Interactive image stack viewing in jupyter notebooks
Project description
stackview
Interactive image stack viewing in jupyter notebooks based on ipycanvas and ipywidgets. TL;DR:
stackview.curtain(image, labels, continuous_update=True)
Installation
stackview can be installed using conda or pip.
conda install -c conda-forge stackview
OR
pip install stackview
If you run the installation from within a notebook, you need to restart Jupyter (not just the kernel), before you can use stackview.
Usage
You can use stackview
from within jupyter notebooks as shown below.

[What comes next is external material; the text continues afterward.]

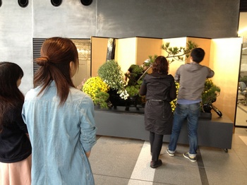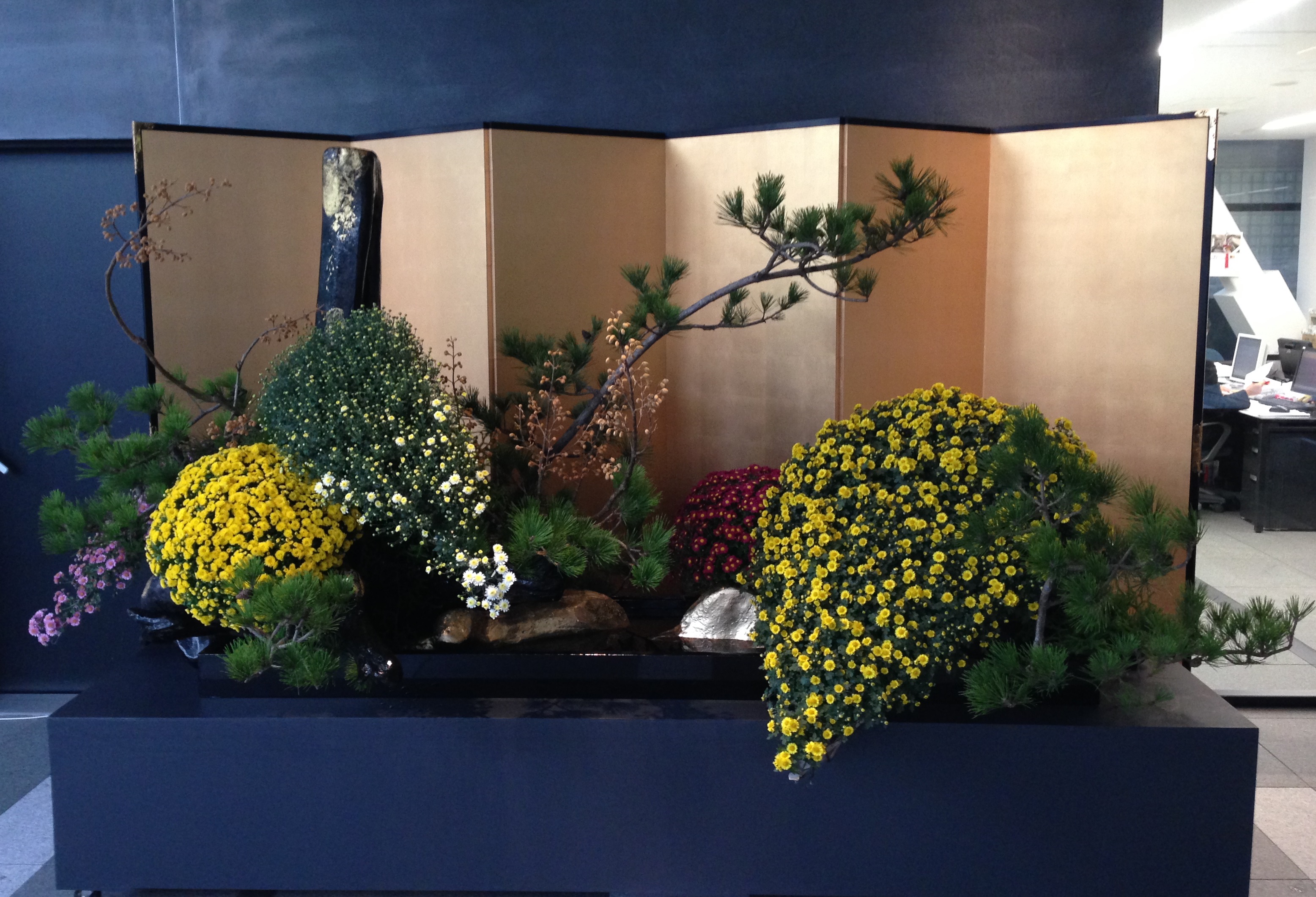 今回は、「すがも中山道菊まつり」の開催に合わせて、菊を使った琳派調いけばなを展示しています。

Also check out the demo notebook on google colab or in
Starting point is a 3D image dataset provided as numpy array.
from skimage.io import imread
image = imread('data/Haase_MRT_tfl3d1.tif', plugin='tifffile')
You can then view it slice-by-slice:
import stackview
stackview.slice(image, continuous_update=True)
To read the intensity of pixels where the mouse is moving, use the picker.
stackview.picker(image, continuous_update=True)
Orthogonal views are also available:
stackview.orthogonal(image, continuous_update=True)
Furthermore, to visualize an original image in combination with a processed version, a curtain view may be helpful:
stackview.curtain(image, modified_image * 65537, continuous_update=True)
The curtain also works with 2D data. Btw. to visualize both images properly, you need adjust their grey value range yourself. For example, multiply a binary image with 255 so that it visualizes nicely side-by-side with the original image in 8-bit range:
binary = (slice_image > threshold_otsu(slice_image)) * 255
stackview.curtain(slice_image, binary, continuous_update=True)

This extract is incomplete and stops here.